Bill Camp & Jim Tomkins, from Sandia National Laboratories, have published a 77-page document about the architecture of the Red Storm supercluster built by Cray Inc. The new nickname for the 40 teraflops system is "Thor's Hammer."
Please read the full presentation if you have the time (PDF format, 3.54 MB).
Here are the major characteristics of the system, which will be operated for classified work ("red" nodes) or unclassified research ("black" nodes).
- True MPP, designed to be a single system
- Distributed memory MIMD parallel supercomputer
- Fully connected 3D mesh interconnect
- 108 compute node cabinets and 10,368 compute node processors (AMD Opteron running at 2.0 GHz)

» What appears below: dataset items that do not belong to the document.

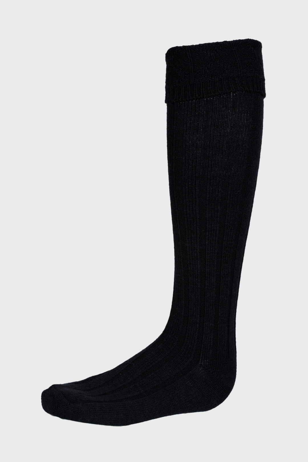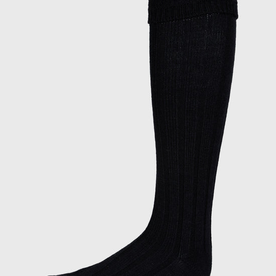 Black wool mix socks with a plain leg and a slight square pattern top.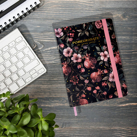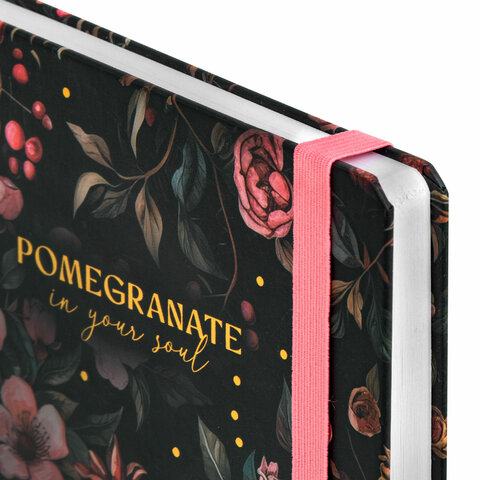 Ежедневник недатированный с резинкой А5 145х203 мм, BRAUBERG, твердый, фольга, 128 л., "Pomegranate", 116293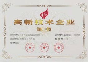 2020年9月9日——河南大張過濾設備有限公司榮獲“高新技術企業”證書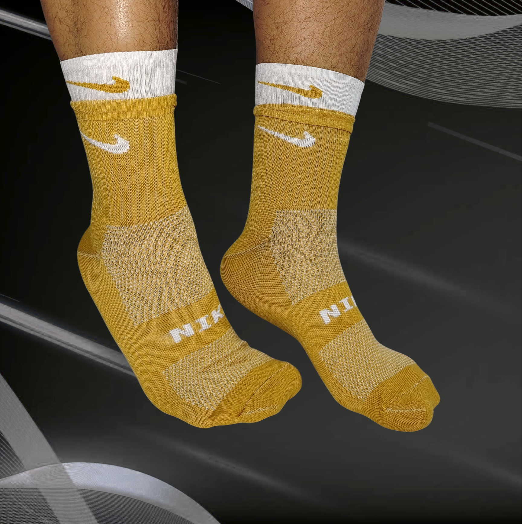 Medias deportivas doble púño blanco y mostaza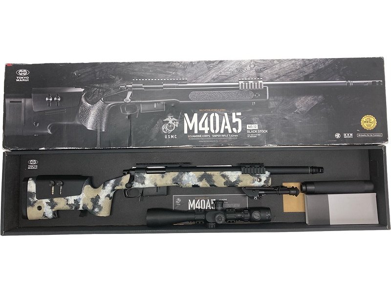 [東京マルイ] M40A5 ショートバレル/サプレッサー/高倍率スコープ/サンド迷彩塗装カスタム エアライフル (中古)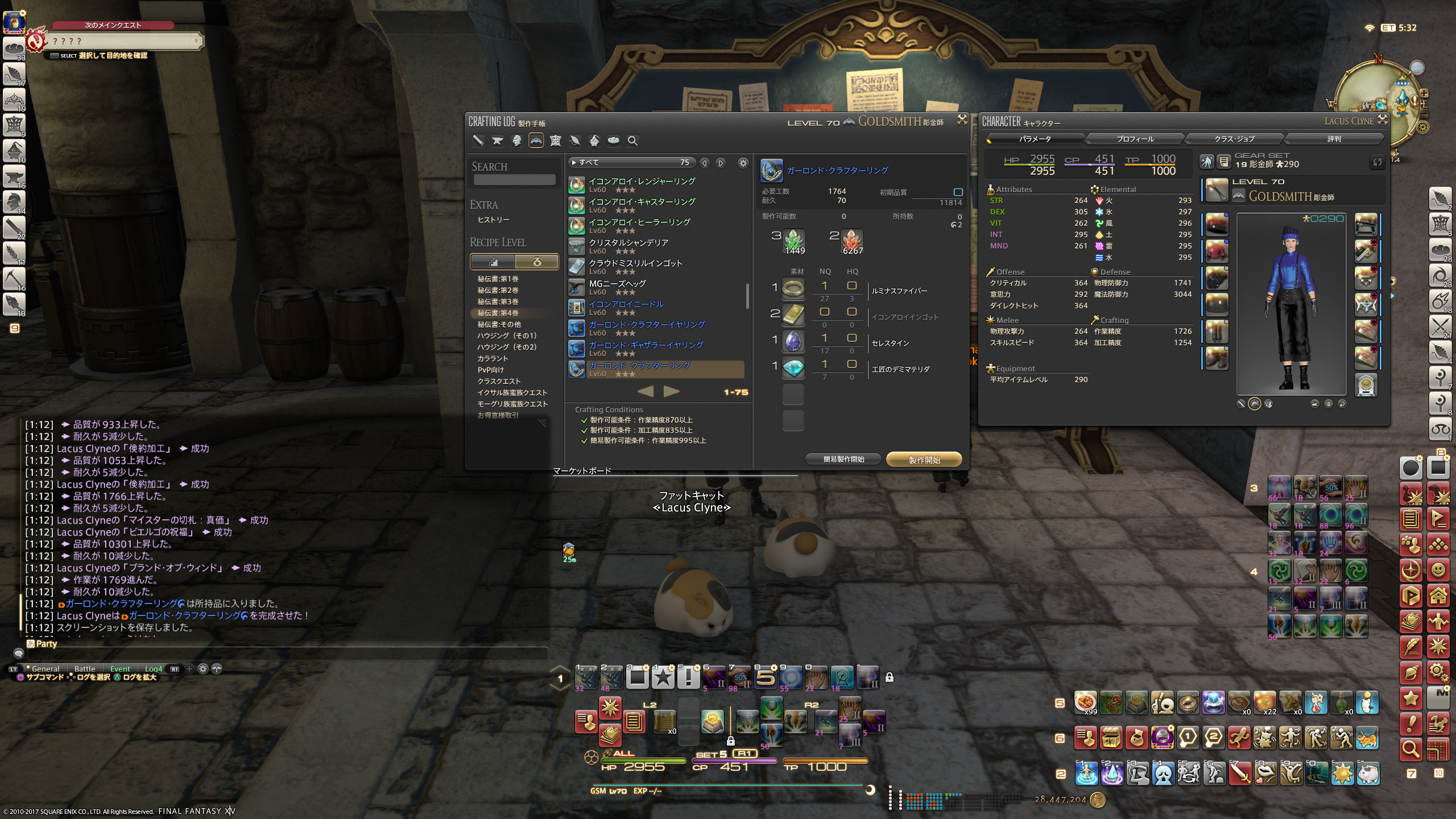 投稿日: 2017/07/11/ 01:19:09 投稿者: にゃんこ一発芸w かつてあれほどまでに作るのが大変だったガーロンド系防具、たまたま作る機会があったのでやってみたら、こんなかんじw まさかのブランド系一撃完成w 作業精度1,726でギリ、足りた模様(笑) 凄すぎるwww これが時の流れか………w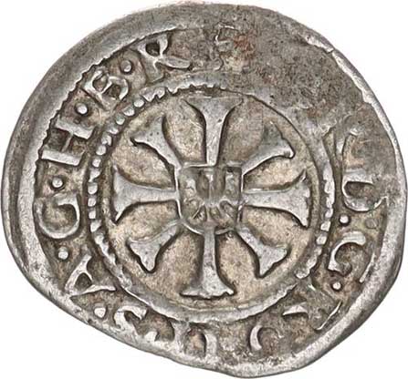 kolem neprolam.erbu s břevnem perličkový kruh, .GROS. ARC. III CRV. 617. Cp. 1,552 g mír. kraj. stř. |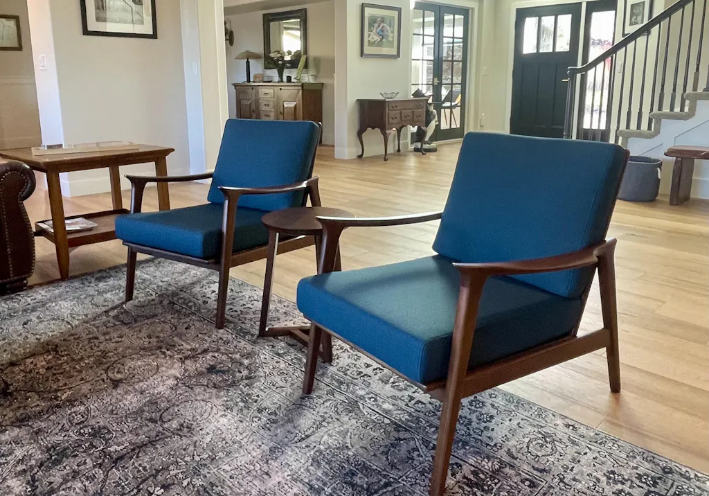 The Charlotte Mid Century Modern chair features a solid walnut frame carefully crafted by skilled carpenters. The beauty of the natural walnut wood grain is paired with the gracefully sculpted arm rests and details front and back that differentiate this piece from mass-produced look-alikes. Further distinguishing the Charlotte chair is it's updated dimensions that maintain the mid-century design ethos but offer a slightly higher back and generous seat width for enhanced comfort. The upholstered seat cushions are high-density foam wrapped in dacron batting and upholstered in a selection of fabric color options. The seat is supported by a webbing foundation.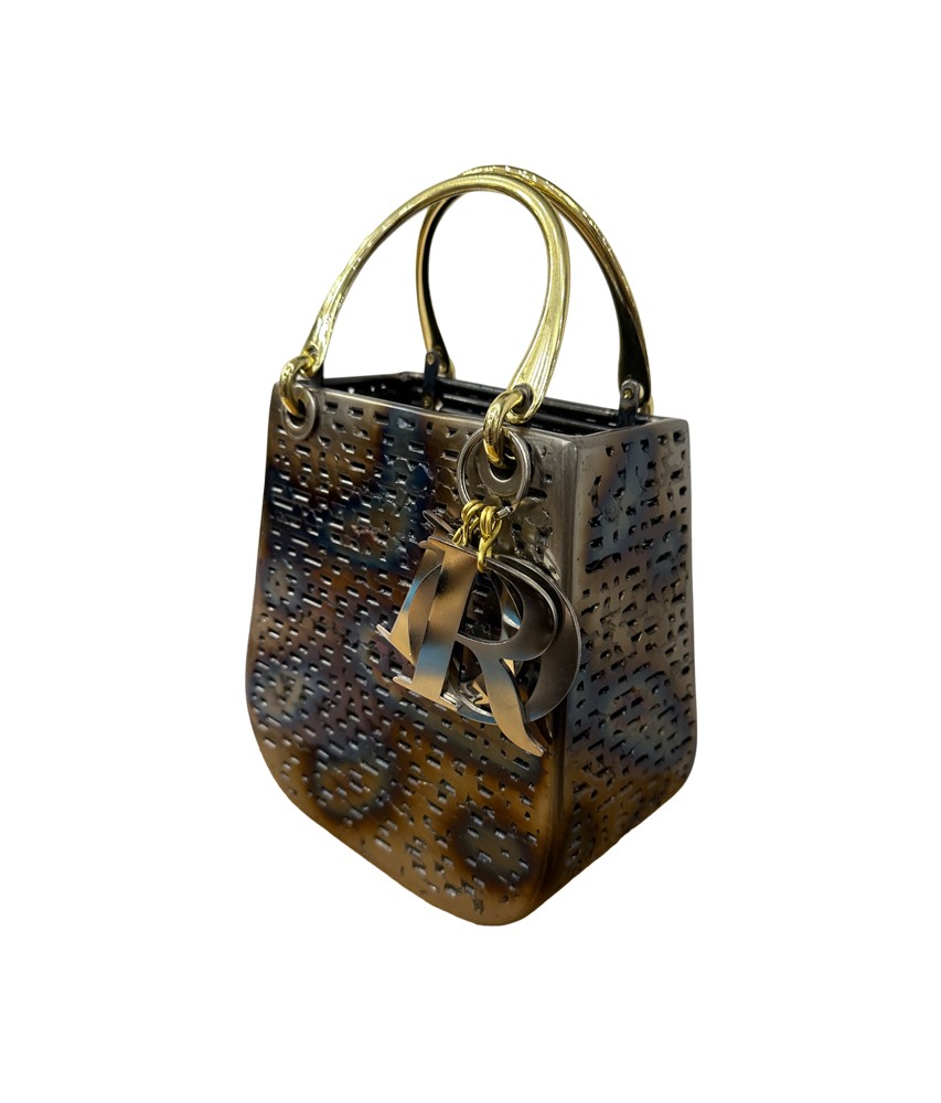 Esta escultura contemporánea en metal representa una interpretación artística de un bolso icónico, realizada y firmada por el artista francés La Patte du Métal. El acabado dorado y los detalles perforados crean una pieza moderna, refinada y visualmente impactante.

- [Note: the full system layout appears on page 68 of the presentation.]
- About 10 TB of DDR memory at 333MHz
- 8 Service and I/O cabinets on each end (256 processors for each color)
- 240 TB of disk storage (120 TB per color)
- Partitioned Operating System (OS): LINUX on service and I/O nodes, LW (Catamount, from Sandia) on compute nodes, stripped down LINUX on RAS nodes
- Less than 2 MW total power and cooling
- Less than 3,000 square feet of floor space
- Fully operational by August 2004
Obviously, with such a system, which will be expanded to 30,000 processors in the future, scalability is a primary concern. And the report comes back to supercomputing roots by noting that in a good scalable system, the memory bandwidth needs to match the processor speed.
The scalability is also limited by Amdahl's law, which states that the speedup on N processors is equal to [1 + fs]/[1/N +fs], where fs is the serial (non-parallelizable) fraction of the work to be done.
So, in order to achieve a speedup of 8,000 on 10,000 processors, or a 80% parallel efficiency, fs must be less than 0.000025. This looks extremely small, but well-written parallel codes can easily do it.
The paper discusses another aspect of Amdahl's law, by looking at the actual scaled speedup achieved when the time used for communications is taken into account. This time the previous speedup has to be divided by [1 + fcomm x Rp/c], where fcomm is the fraction of work devoted to communications and Rp/c is the ratio of processor speed to communications speed.
It is easy to see that if this ratio is equal to 1, the global architecture will not be greatly affected by communications, which is one reason they decided on a custom interconnect.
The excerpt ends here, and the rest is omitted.